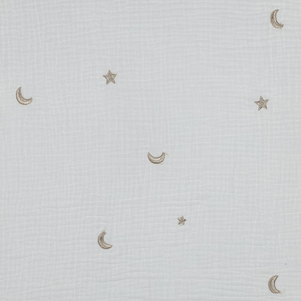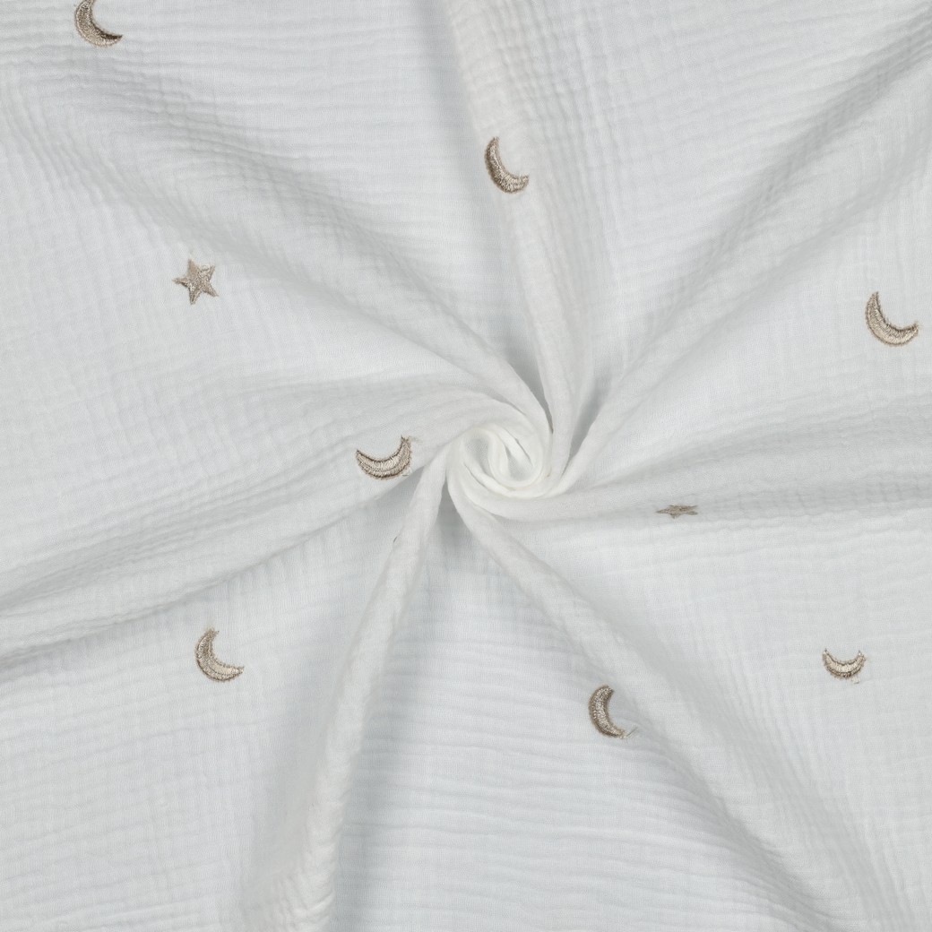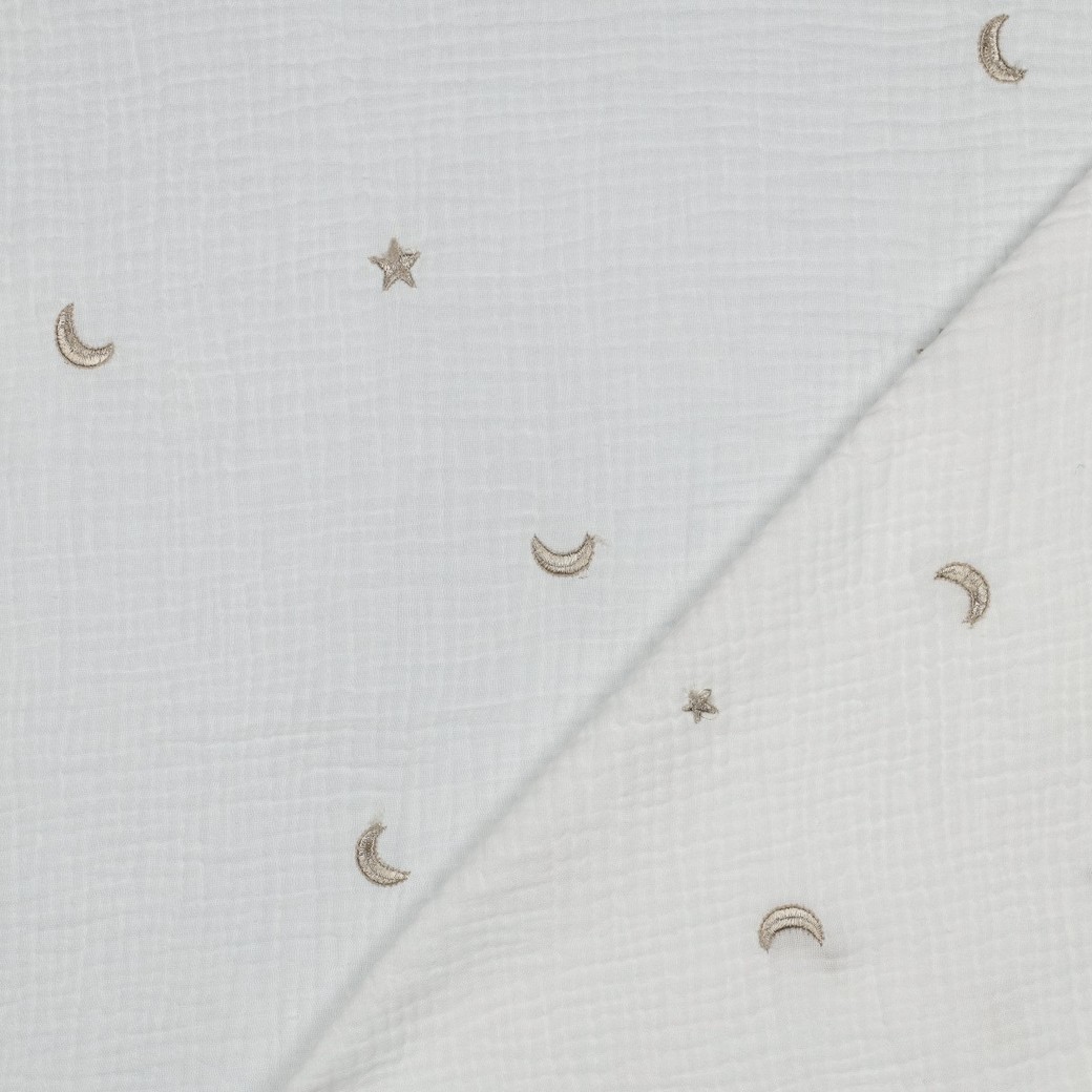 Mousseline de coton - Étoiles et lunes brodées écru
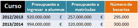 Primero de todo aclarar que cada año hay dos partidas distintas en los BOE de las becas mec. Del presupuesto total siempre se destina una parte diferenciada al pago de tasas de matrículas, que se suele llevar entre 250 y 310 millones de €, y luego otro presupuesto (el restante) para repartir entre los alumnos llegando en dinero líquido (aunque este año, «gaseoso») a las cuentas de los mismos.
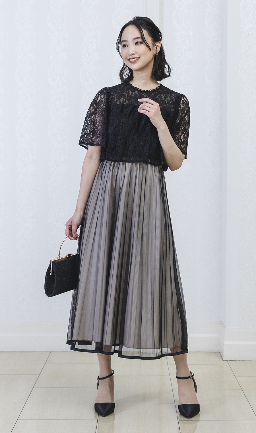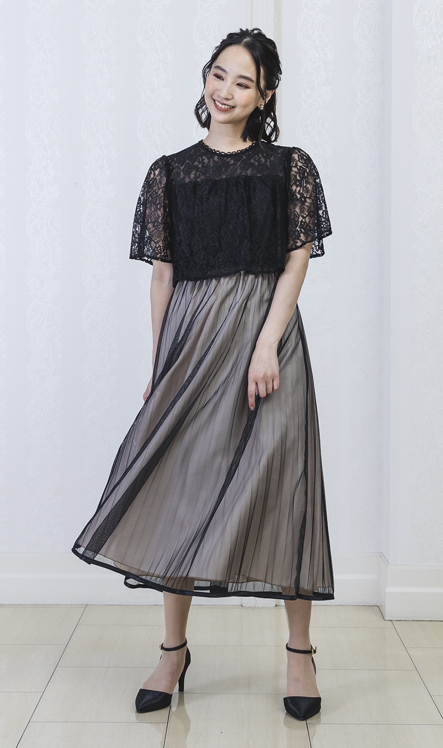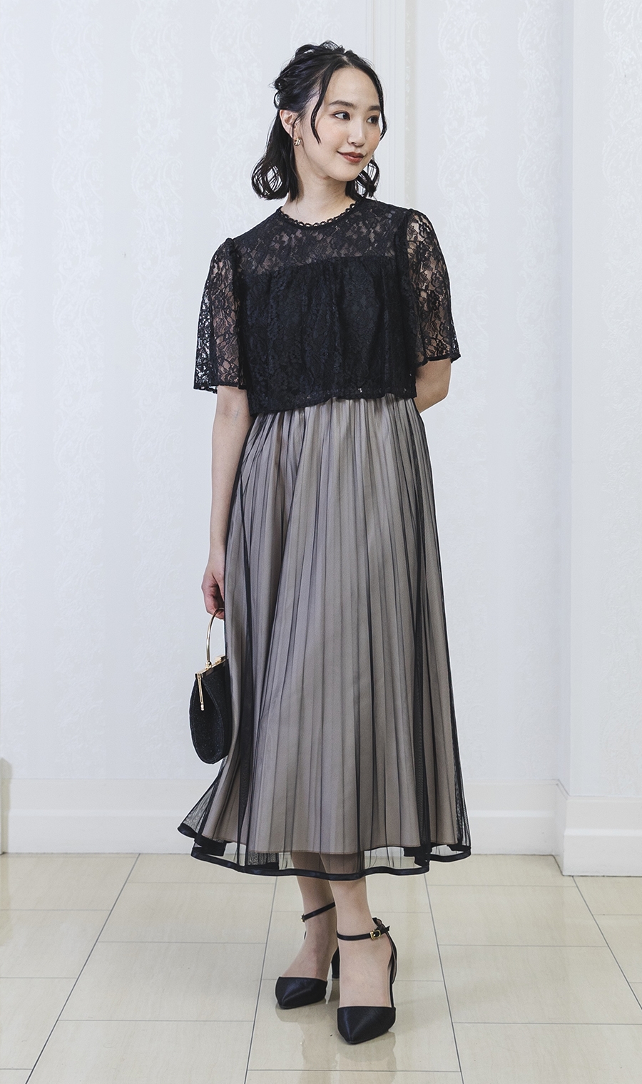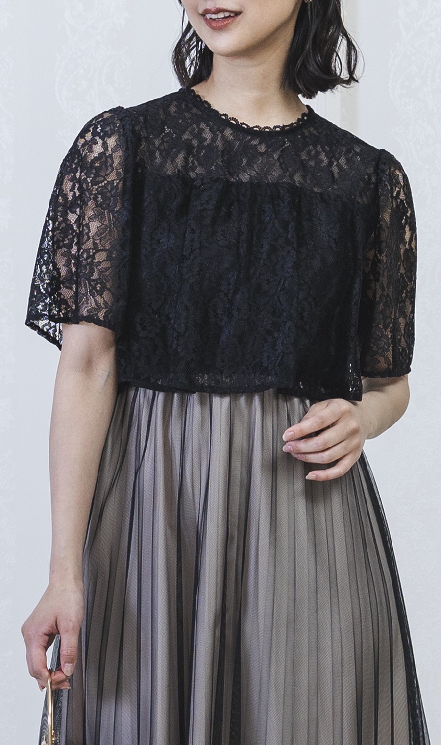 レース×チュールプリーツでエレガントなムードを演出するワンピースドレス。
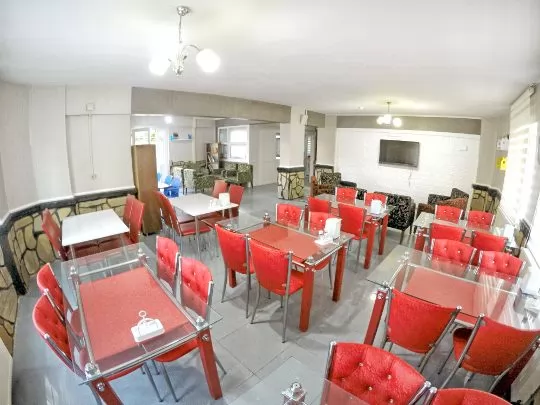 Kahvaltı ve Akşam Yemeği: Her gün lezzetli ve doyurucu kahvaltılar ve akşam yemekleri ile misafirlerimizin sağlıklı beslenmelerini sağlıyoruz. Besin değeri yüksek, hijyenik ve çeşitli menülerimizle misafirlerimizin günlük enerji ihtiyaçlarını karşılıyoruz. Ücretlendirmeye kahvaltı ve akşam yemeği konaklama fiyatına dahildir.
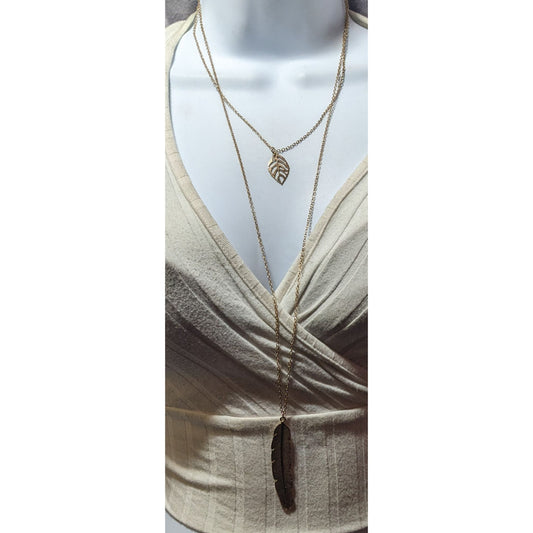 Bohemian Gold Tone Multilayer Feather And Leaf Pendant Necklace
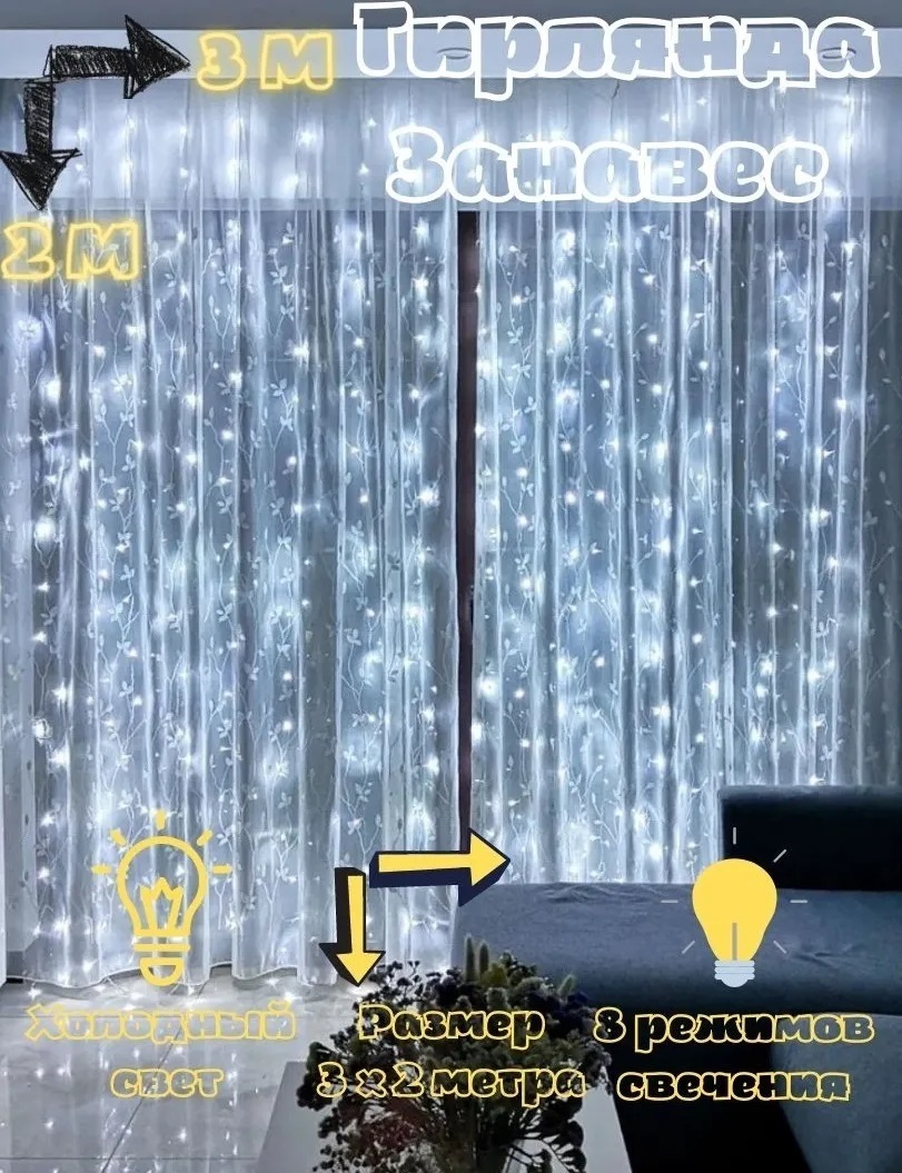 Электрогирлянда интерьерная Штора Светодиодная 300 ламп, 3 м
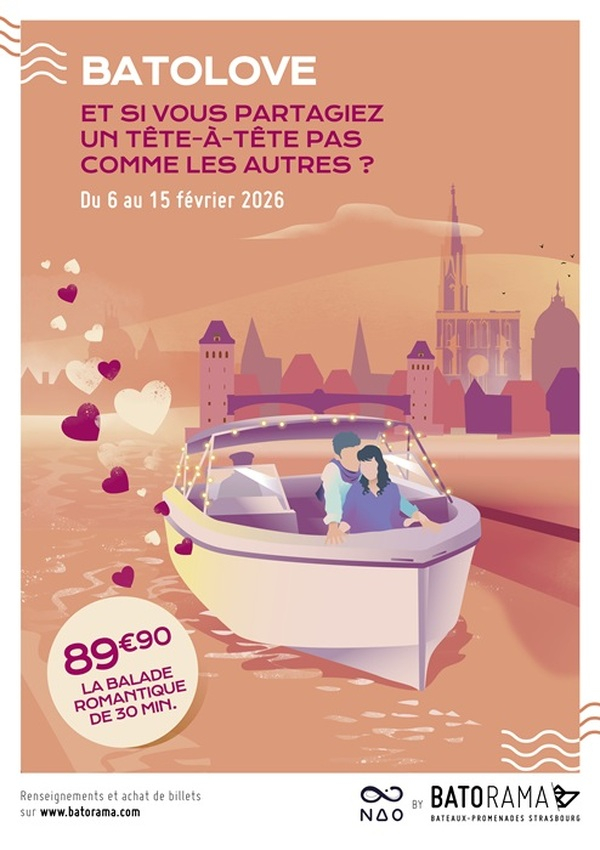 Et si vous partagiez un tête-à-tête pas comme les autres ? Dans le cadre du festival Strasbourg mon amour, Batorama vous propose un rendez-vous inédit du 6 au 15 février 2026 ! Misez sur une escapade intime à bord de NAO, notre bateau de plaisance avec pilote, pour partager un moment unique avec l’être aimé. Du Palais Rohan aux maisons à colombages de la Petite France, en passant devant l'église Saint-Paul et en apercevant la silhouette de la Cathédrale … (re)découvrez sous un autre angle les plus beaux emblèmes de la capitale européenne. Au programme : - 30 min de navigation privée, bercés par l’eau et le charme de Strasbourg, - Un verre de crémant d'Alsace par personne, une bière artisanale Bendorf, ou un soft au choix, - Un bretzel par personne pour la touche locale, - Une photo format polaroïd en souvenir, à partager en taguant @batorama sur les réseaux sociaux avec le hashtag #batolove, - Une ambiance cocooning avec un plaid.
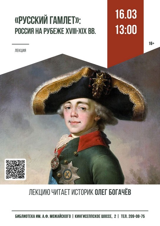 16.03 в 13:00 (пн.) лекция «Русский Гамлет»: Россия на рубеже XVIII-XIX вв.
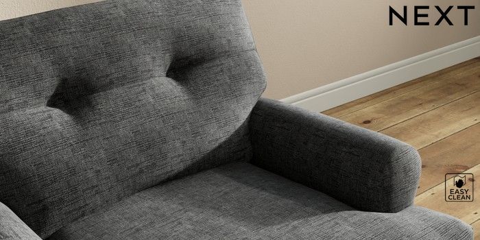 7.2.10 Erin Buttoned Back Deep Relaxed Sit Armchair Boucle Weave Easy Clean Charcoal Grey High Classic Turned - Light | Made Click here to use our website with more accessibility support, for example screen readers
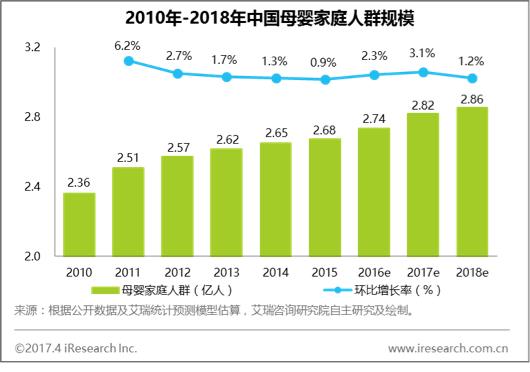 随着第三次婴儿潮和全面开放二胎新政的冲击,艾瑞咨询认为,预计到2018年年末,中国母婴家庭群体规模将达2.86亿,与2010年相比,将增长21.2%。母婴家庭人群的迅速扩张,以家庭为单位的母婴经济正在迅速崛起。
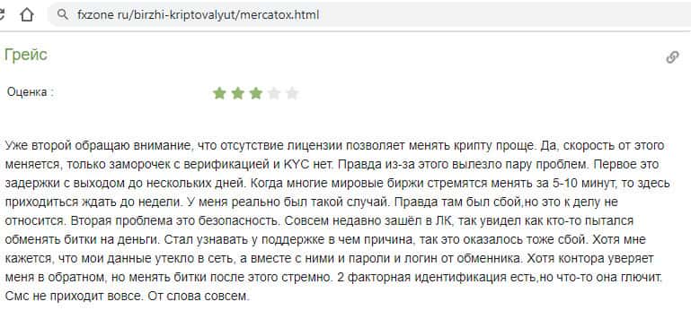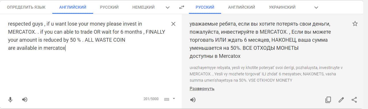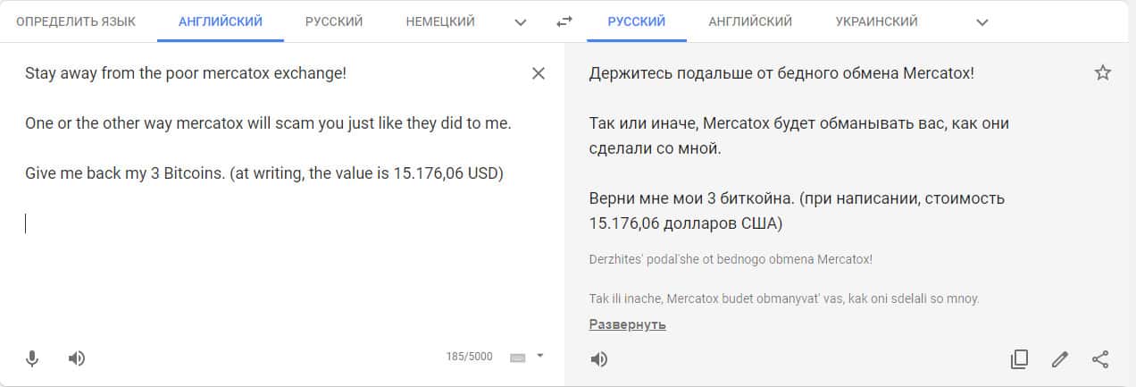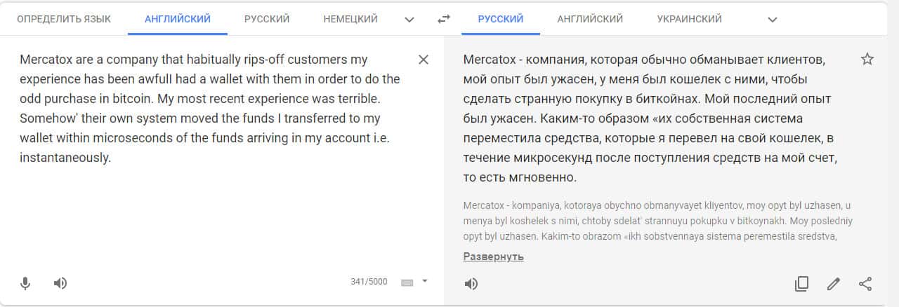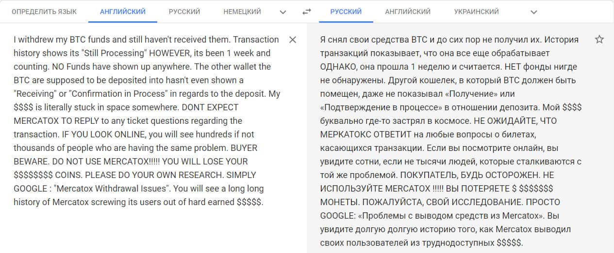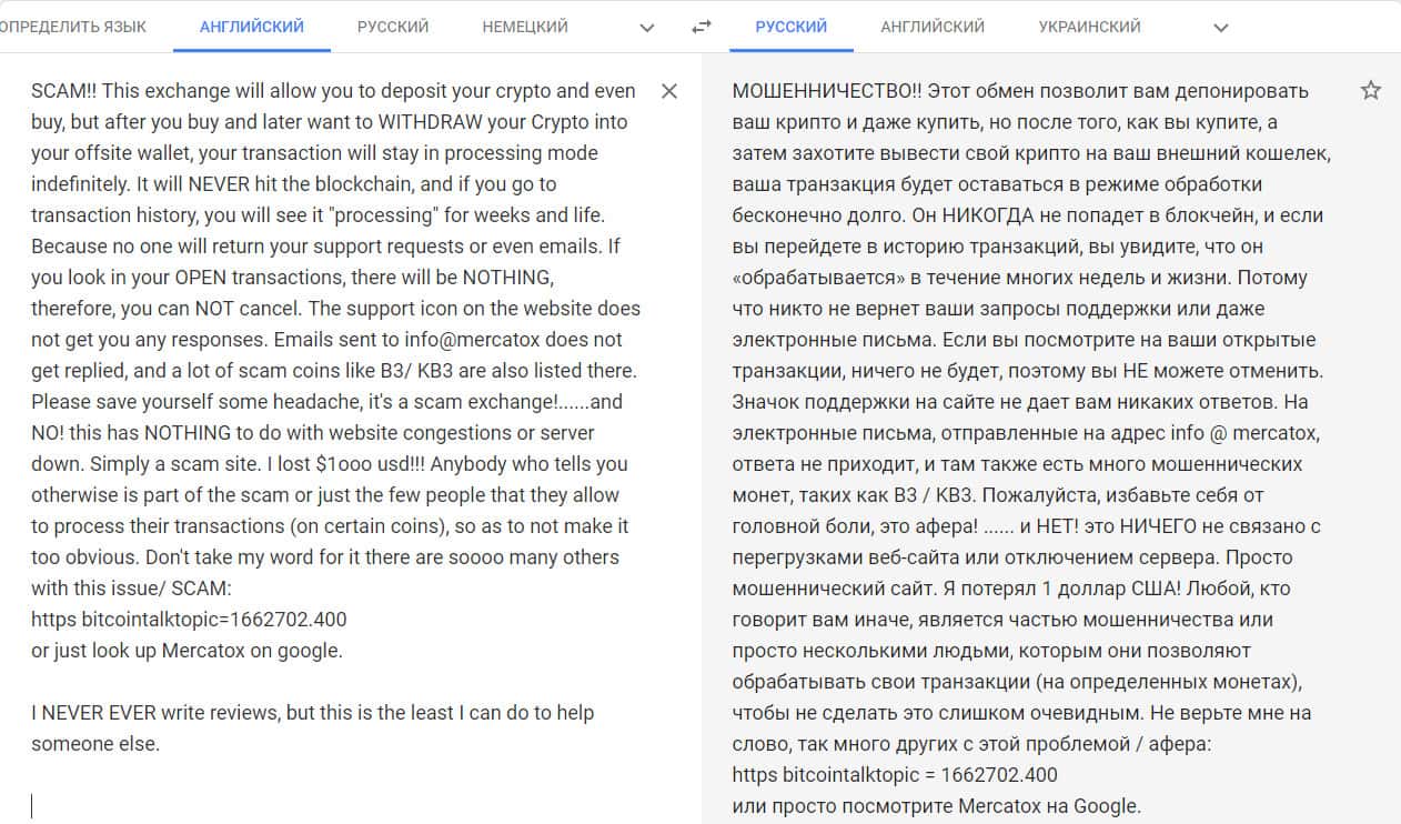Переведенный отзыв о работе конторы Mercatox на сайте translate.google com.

Problem —
Output a precise copy of the entries, leaving the images out.

Completed task —
 Mousseline de coton - Étoiles et lunes brodées écru
 Primero de todo aclarar que cada año hay dos partidas distintas en los BOE de las becas mec. Del presupuesto total siempre se destina una parte diferenciada al pago de tasas de matrículas, que se suele llevar entre 250 y 310 millones de €, y luego otro presupuesto (el restante) para repartir entre los alumnos llegando en dinero líquido (aunque este año, «gaseoso») a las cuentas de los mismos.
 レース×チュールプリーツでエレガントなムードを演出するワンピースドレス。
 Kahvaltı ve Akşam Yemeği: Her gün lezzetli ve doyurucu kahvaltılar ve akşam yemekleri ile misafirlerimizin sağlıklı beslenmelerini sağlıyoruz. Besin değeri yüksek, hijyenik ve çeşitli menülerimizle misafirlerimizin günlük enerji ihtiyaçlarını karşılıyoruz. Ücretlendirmeye kahvaltı ve akşam yemeği konaklama fiyatına dahildir.
 Bohemian Gold Tone Multilayer Feather And Leaf Pendant Necklace
 Электрогирлянда интерьерная Штора Светодиодная 300 ламп, 3 м
 Et si vous partagiez un tête-à-tête pas comme les autres ? Dans le cadre du festival Strasbourg mon amour, Batorama vous propose un rendez-vous inédit du 6 au 15 février 2026 ! Misez sur une escapade intime à bord de NAO, notre bateau de plaisance avec pilote, pour partager un moment unique avec l’être aimé. Du Palais Rohan aux maisons à colombages de la Petite France, en passant devant l'église Saint-Paul et en apercevant la silhouette de la Cathédrale … (re)découvrez sous un autre angle les plus beaux emblèmes de la capitale européenne. Au programme : - 30 min de navigation privée, bercés par l’eau et le charme de Strasbourg, - Un verre de crémant d'Alsace par personne, une bière artisanale Bendorf, ou un soft au choix, - Un bretzel par personne pour la touche locale, - Une photo format polaroïd en souvenir, à partager en taguant @batorama sur les réseaux sociaux avec le hashtag #batolove, - Une ambiance cocooning avec un plaid.
 16.03 в 13:00 (пн.) лекция «Русский Гамлет»: Россия на рубеже XVIII-XIX вв.
 7.2.10 Erin Buttoned Back Deep Relaxed Sit Armchair Boucle Weave Easy Clean Charcoal Grey High Classic Turned - Light | Made Click here to use our website with more accessibility support, for example screen readers
 随着第三次婴儿潮和全面开放二胎新政的冲击,艾瑞咨询认为,预计到2018年年末,中国母婴家庭群体规模将达2.86亿,与2010年相比,将增长21.2%。母婴家庭人群的迅速扩张,以家庭为单位的母婴经济正在迅速崛起。
Переведенный отзыв о работе конторы Mercatox на сайте translate.google com.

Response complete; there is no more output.